Leaving all pictures aside, copy exactly the lines from the start of the listing below through the line that contains "Voller Inbrunst sangen", and only those lines.

* Recorded information
================================
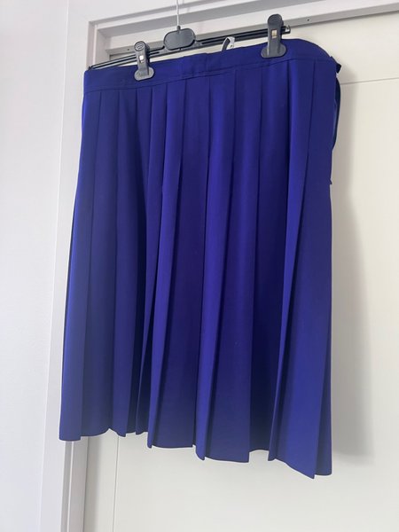 En plisserad kjol i en djup blå nyans. Kjolen har veck över hela tyget, vilket ger den en fin volym och rörelse. Den är designad med en slät linning och en dold dragkedja i sidan för en smidig passform. Kjolen slutar strax ovanför knäna och har en klassisk, tidlös design som passar för många olika tillfällen.
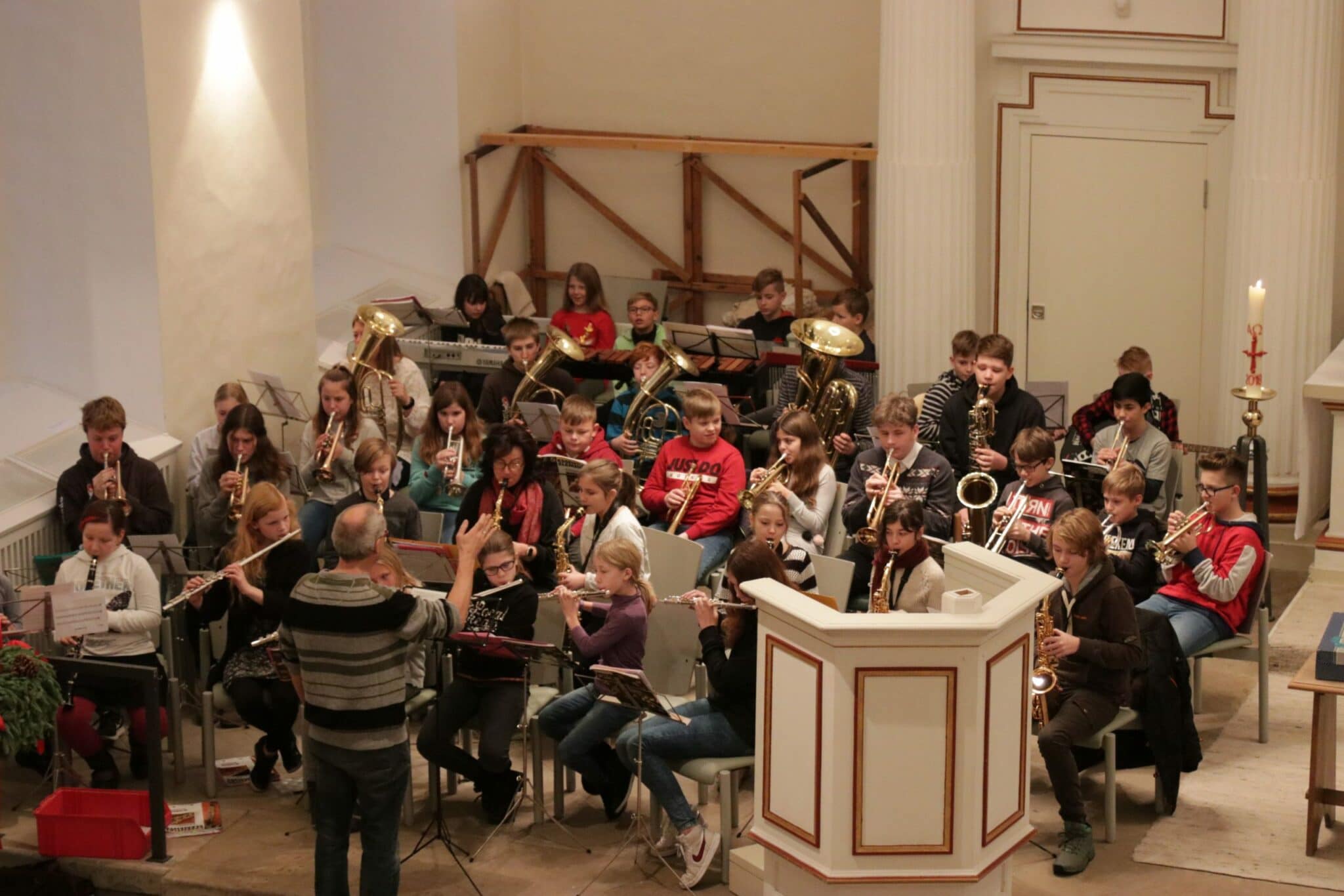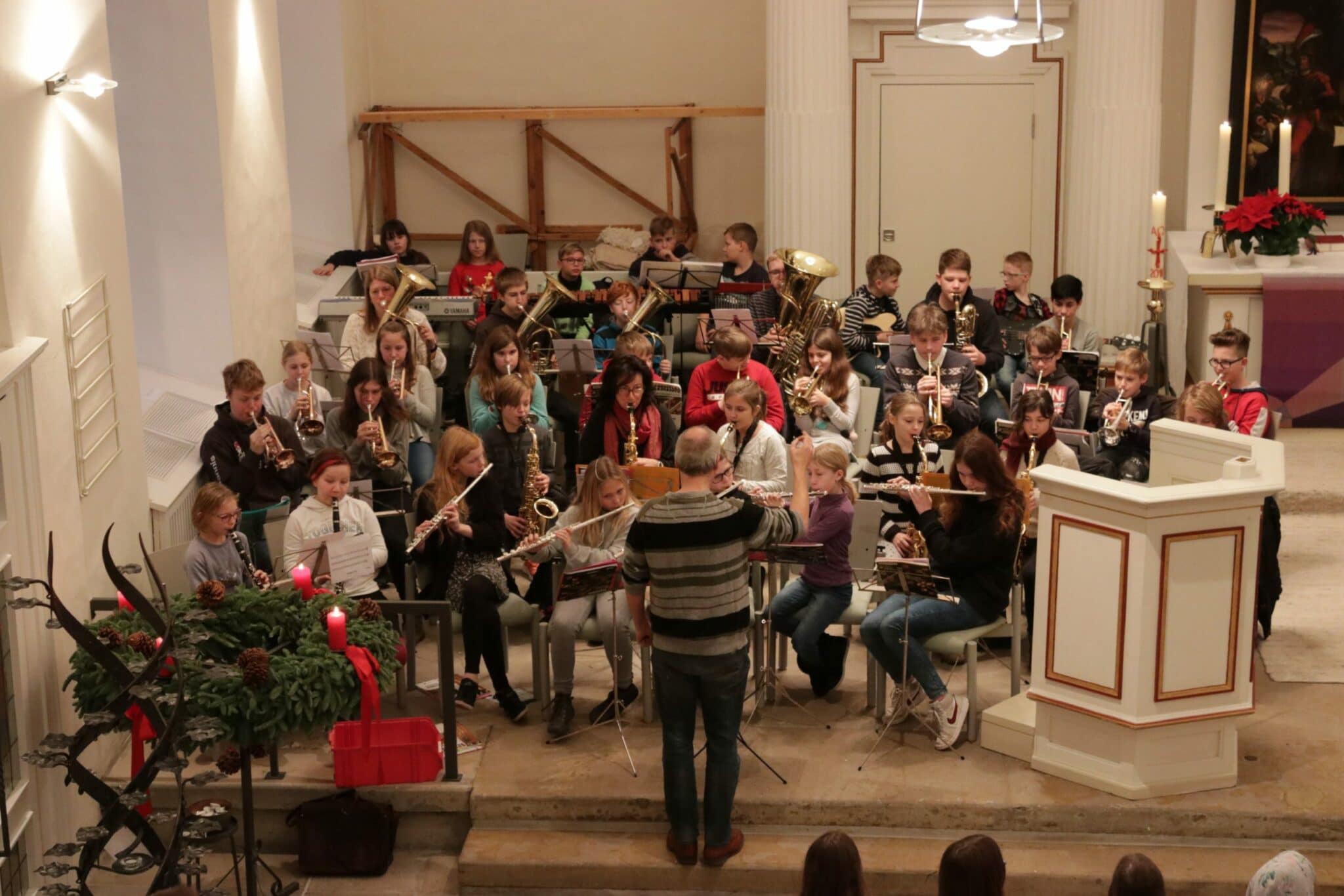 Voller Inbrunst sangen alle Weihnachtslieder „Wir sagen euch an den lieben Advent“, Hört der Engel helle Lieder“, „Macht euch bereit“ und „O du fröhliche“, die im Musikunterricht einstudiert worden waren. Die Bläserklasse, unter der Leitung von Herrn Klöpzig, begleitete die Gemeinde gekonnt.
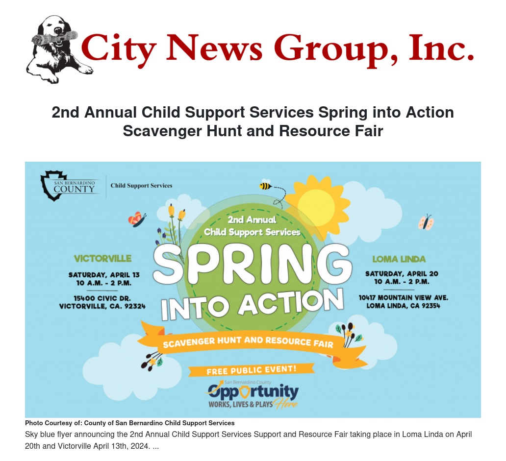 The Department of Child Support Services is excited to announce the 2nd Annual Spring into Action Scavenger Hunt and Resource Fair. The Spring into Action event aims to unite over twenty agencies, providing resources for San Bernardino County’s families and communities. Child Support professionals will be onsite to help San Bernardino County residents open a new child support case, negotiate a license release and answer any case specific questions. Children will have the opportunity to participate in a scavenger hunt and win prizes.
================================
* Your solution
 En plisserad kjol i en djup blå nyans. Kjolen har veck över hela tyget, vilket ger den en fin volym och rörelse. Den är designad med en slät linning och en dold dragkedja i sidan för en smidig passform. Kjolen slutar strax ovanför knäna och har en klassisk, tidlös design som passar för många olika tillfällen.
 Voller Inbrunst sangen alle Weihnachtslieder „Wir sagen euch an den lieben Advent“, Hört der Engel helle Lieder“, „Macht euch bereit“ und „O du fröhliche“, die im Musikunterricht einstudiert worden waren. Die Bläserklasse, unter der Leitung von Herrn Klöpzig, begleitete die Gemeinde gekonnt.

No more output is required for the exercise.